┌──

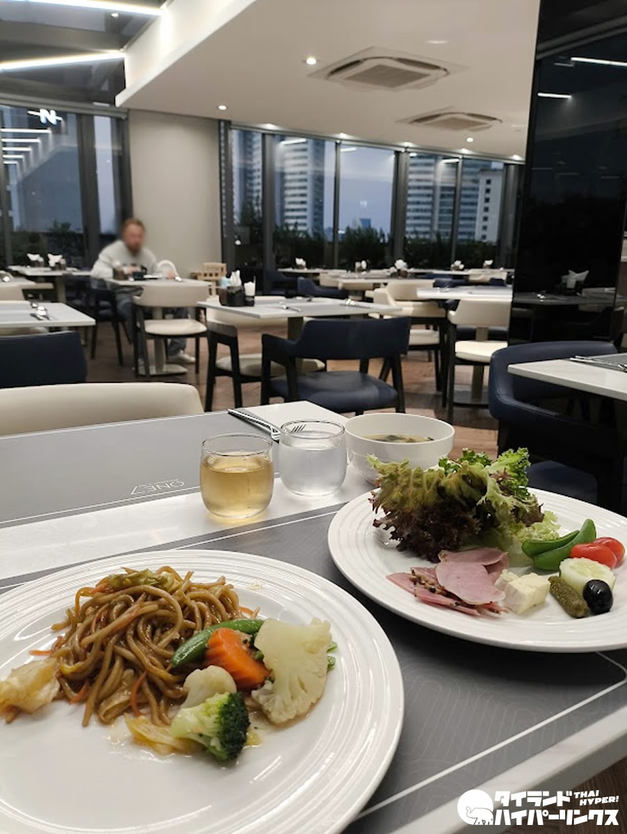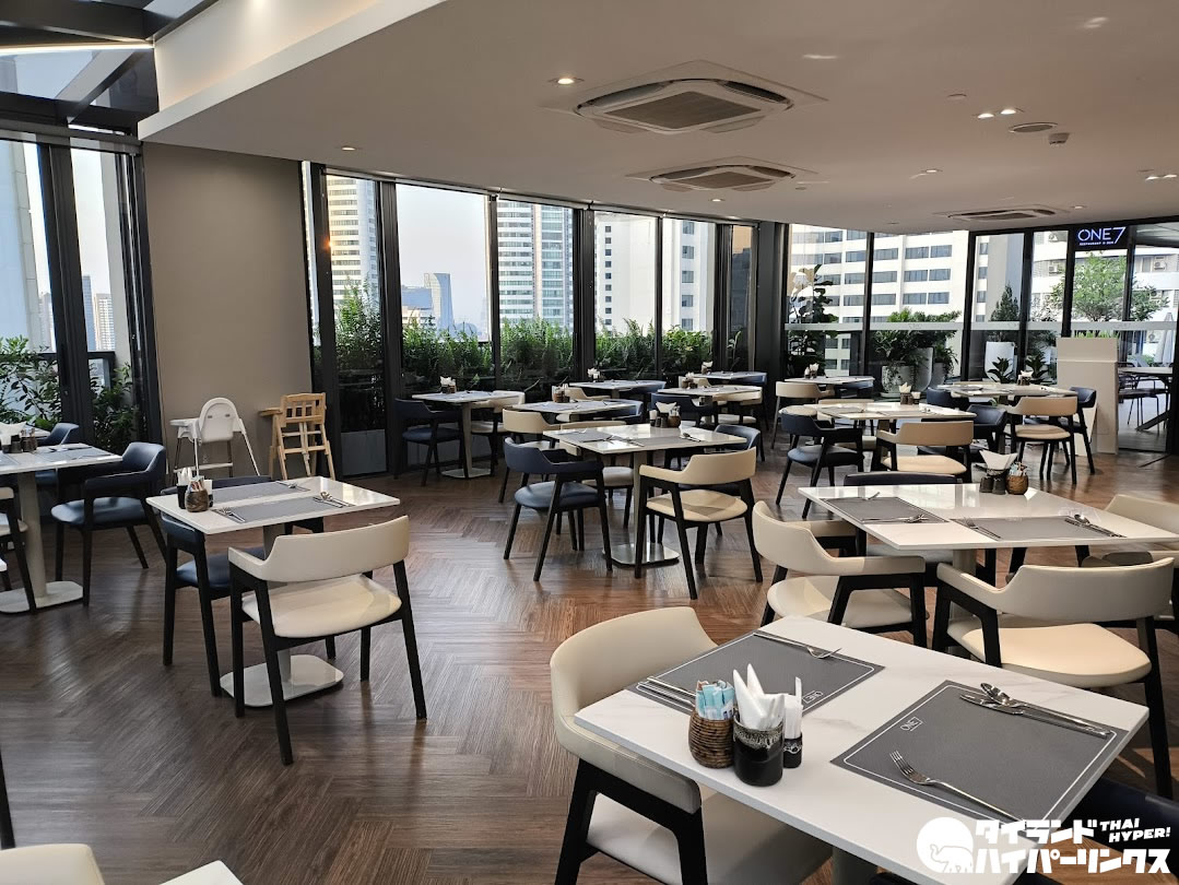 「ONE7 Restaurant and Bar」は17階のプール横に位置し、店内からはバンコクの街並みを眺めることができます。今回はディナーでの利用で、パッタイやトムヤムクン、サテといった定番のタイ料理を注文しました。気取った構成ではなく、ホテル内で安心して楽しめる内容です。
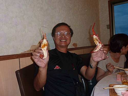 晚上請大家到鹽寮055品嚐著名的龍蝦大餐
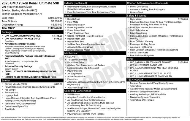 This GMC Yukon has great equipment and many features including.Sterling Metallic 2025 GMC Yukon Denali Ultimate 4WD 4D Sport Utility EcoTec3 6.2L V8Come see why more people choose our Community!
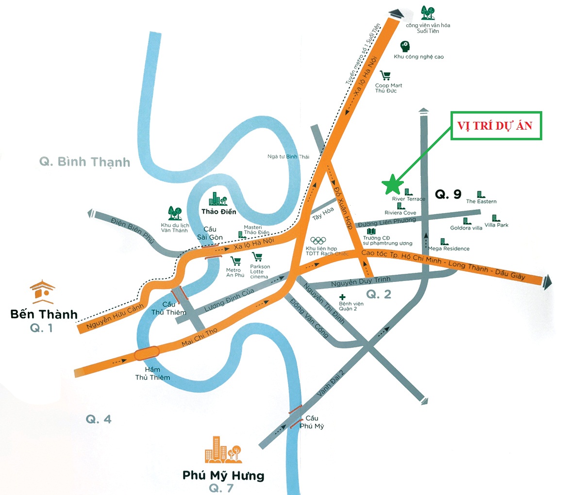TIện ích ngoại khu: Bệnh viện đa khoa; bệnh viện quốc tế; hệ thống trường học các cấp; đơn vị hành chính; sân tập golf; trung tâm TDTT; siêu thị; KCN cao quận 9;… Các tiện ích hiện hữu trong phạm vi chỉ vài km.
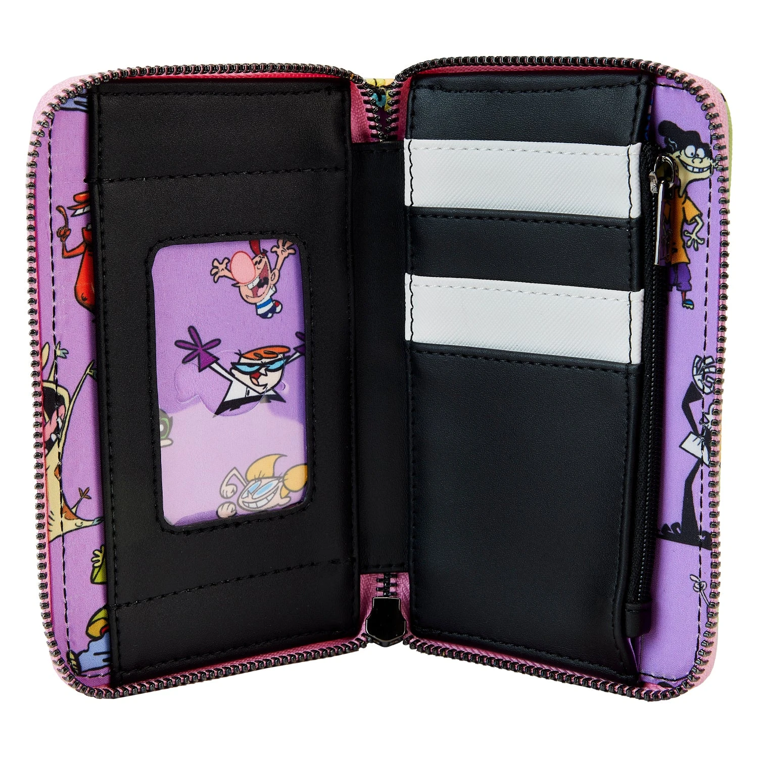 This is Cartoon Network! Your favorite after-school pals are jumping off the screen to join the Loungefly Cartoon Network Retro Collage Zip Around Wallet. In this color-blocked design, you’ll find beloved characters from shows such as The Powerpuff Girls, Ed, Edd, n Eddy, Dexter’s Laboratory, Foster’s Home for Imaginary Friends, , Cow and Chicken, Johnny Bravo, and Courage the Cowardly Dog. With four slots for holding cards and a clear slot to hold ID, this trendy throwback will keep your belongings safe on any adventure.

└──
┌──

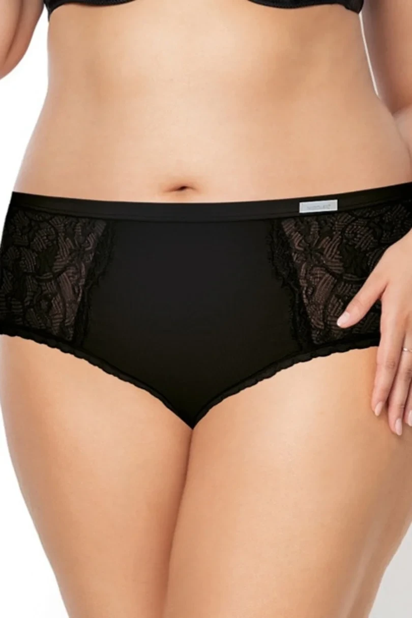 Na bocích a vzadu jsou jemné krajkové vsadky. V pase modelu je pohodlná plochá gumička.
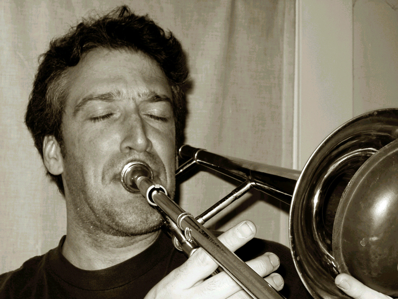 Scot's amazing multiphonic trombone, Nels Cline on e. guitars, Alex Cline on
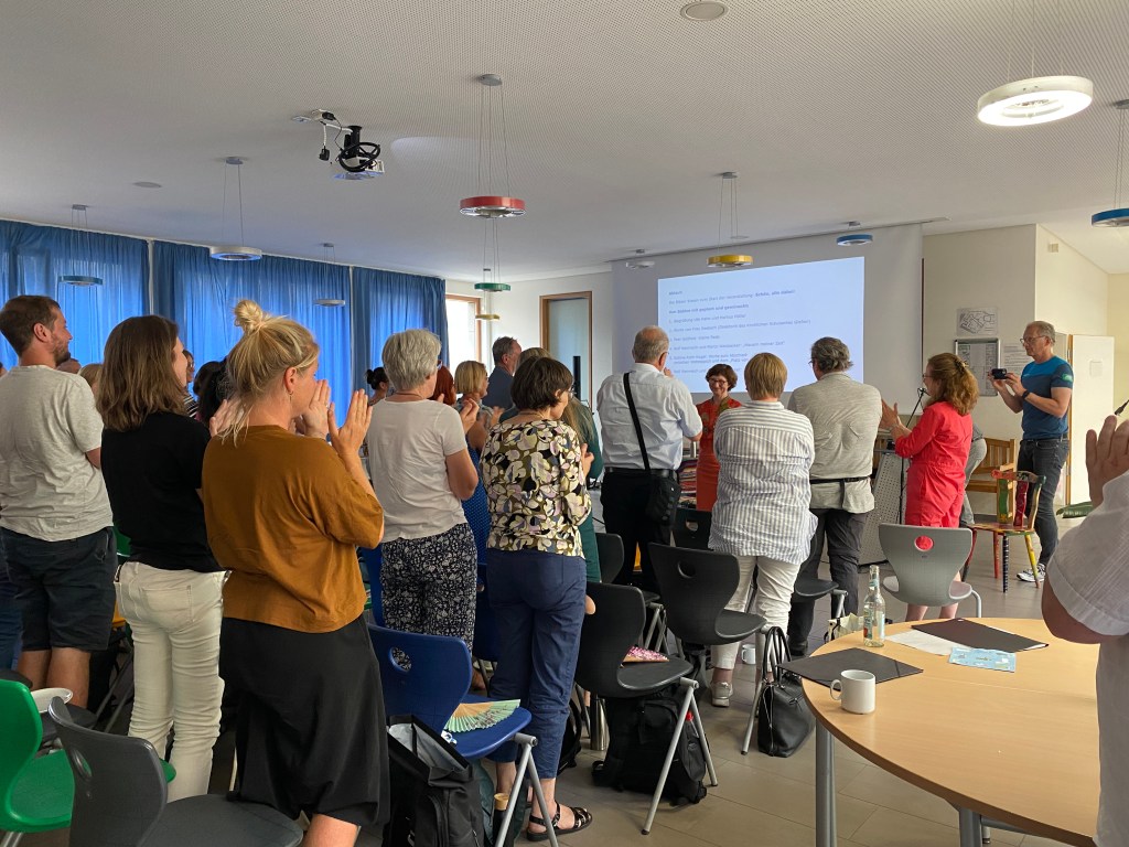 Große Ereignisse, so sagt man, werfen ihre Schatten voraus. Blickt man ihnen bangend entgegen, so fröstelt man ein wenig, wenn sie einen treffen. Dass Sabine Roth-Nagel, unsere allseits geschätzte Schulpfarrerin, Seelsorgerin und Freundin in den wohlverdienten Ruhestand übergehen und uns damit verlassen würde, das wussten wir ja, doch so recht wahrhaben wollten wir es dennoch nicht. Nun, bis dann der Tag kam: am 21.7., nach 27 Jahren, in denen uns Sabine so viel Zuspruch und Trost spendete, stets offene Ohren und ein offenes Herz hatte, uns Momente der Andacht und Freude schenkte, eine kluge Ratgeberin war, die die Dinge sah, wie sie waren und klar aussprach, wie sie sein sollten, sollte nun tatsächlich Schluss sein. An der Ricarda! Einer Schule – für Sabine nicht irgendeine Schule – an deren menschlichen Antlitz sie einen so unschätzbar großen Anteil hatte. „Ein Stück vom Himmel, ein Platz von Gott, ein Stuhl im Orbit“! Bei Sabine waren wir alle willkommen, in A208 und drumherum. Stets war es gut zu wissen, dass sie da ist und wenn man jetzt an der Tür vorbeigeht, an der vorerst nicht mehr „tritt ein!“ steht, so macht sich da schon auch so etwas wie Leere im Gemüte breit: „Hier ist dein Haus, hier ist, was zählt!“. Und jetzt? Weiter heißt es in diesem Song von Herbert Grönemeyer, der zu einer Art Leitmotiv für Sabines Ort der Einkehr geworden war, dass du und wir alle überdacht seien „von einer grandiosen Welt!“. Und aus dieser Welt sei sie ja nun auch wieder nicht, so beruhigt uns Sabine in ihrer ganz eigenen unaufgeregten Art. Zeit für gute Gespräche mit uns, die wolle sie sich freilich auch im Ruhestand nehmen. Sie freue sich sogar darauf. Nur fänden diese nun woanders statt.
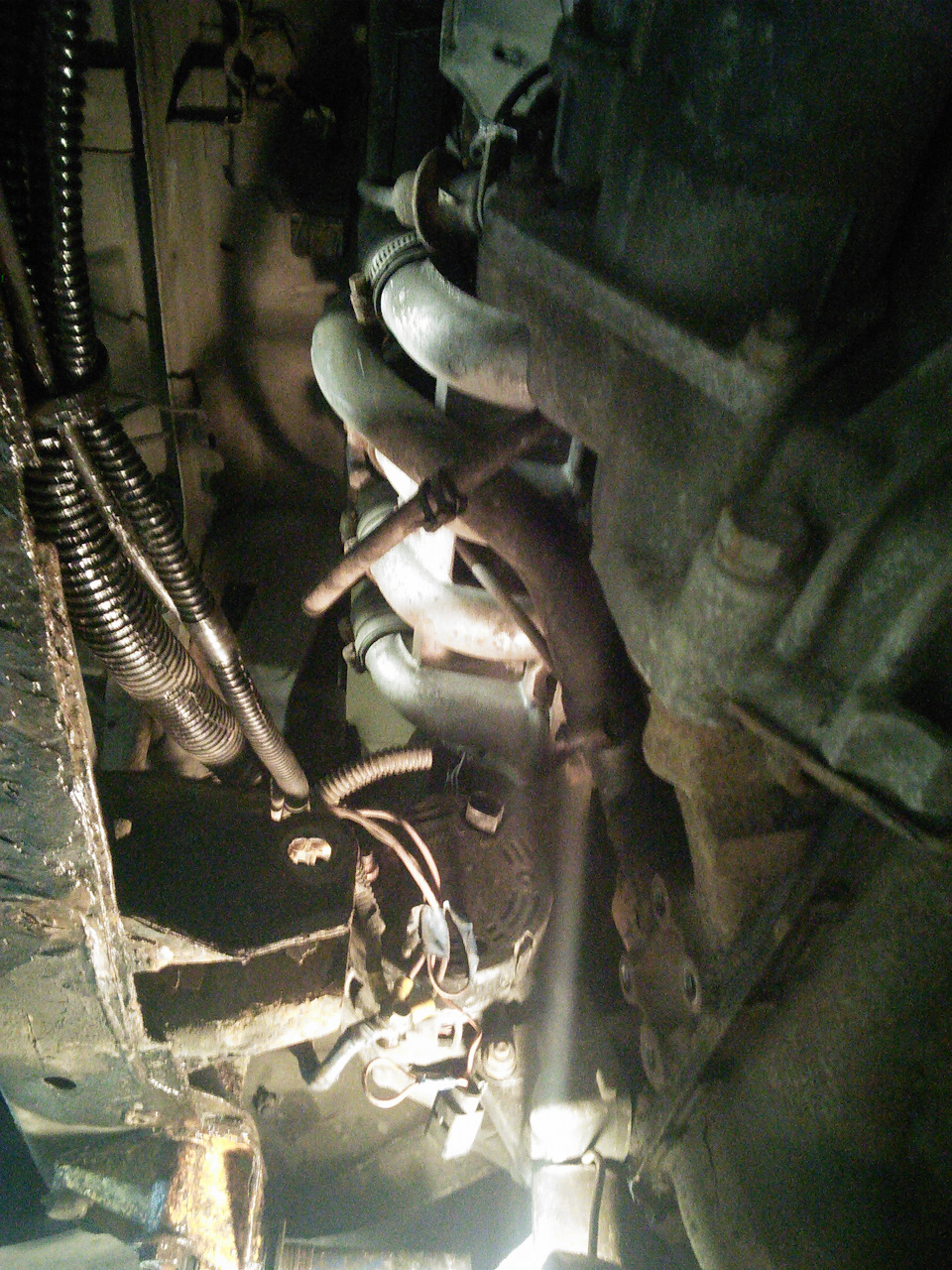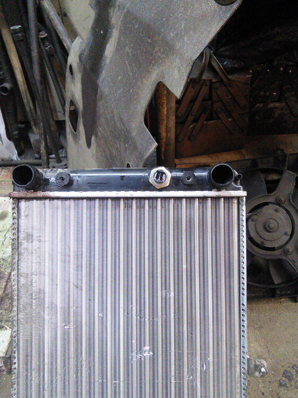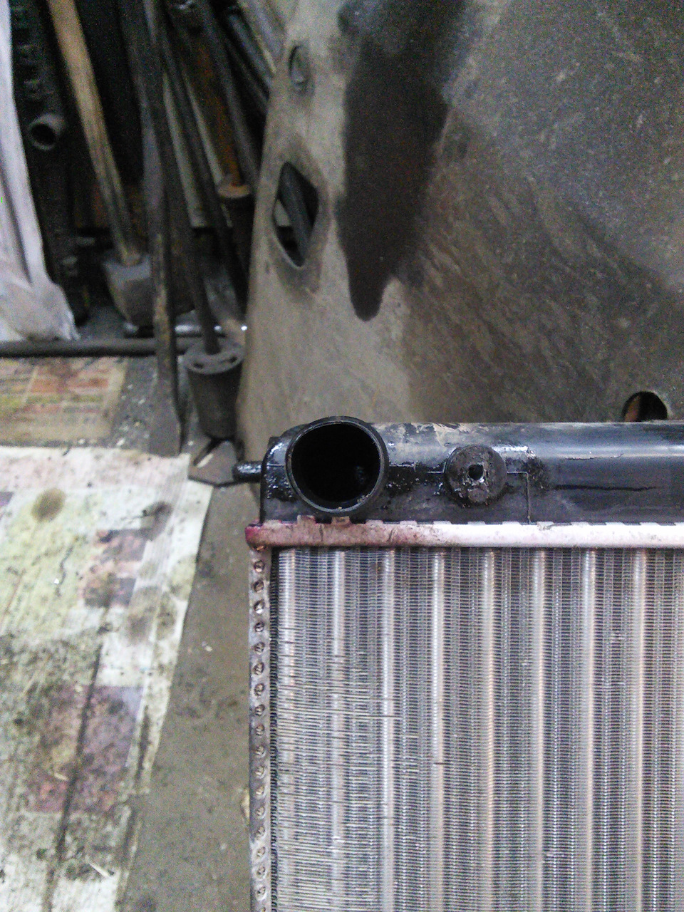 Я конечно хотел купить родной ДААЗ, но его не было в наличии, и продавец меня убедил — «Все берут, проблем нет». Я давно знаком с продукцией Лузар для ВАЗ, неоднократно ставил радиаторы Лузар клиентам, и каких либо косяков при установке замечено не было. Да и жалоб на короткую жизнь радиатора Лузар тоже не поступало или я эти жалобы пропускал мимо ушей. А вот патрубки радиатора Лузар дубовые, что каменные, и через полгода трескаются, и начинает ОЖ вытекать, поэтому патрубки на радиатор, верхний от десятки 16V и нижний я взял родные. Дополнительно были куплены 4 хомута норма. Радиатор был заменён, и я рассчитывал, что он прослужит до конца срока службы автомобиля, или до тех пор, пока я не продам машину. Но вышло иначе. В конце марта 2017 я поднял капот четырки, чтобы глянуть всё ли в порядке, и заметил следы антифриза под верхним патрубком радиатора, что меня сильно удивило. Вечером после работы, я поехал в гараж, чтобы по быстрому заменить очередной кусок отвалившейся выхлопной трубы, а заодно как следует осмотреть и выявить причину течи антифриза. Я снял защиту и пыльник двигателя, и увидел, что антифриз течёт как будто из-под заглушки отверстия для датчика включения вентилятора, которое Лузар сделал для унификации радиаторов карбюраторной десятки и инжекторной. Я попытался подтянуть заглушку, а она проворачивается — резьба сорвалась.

└──

> Problem to work on
Your answer must be everything above from the line with "晚上請大家到鹽寮055品嚐著名的龍蝦大餐" down to the line with "This GMC Yukon", word for word, and no pictures.

> Task answer
 晚上請大家到鹽寮055品嚐著名的龍蝦大餐
 This GMC Yukon has great equipment and many features including.Sterling Metallic 2025 GMC Yukon Denali Ultimate 4WD 4D Sport Utility EcoTec3 6.2L V8Come see why more people choose our Community!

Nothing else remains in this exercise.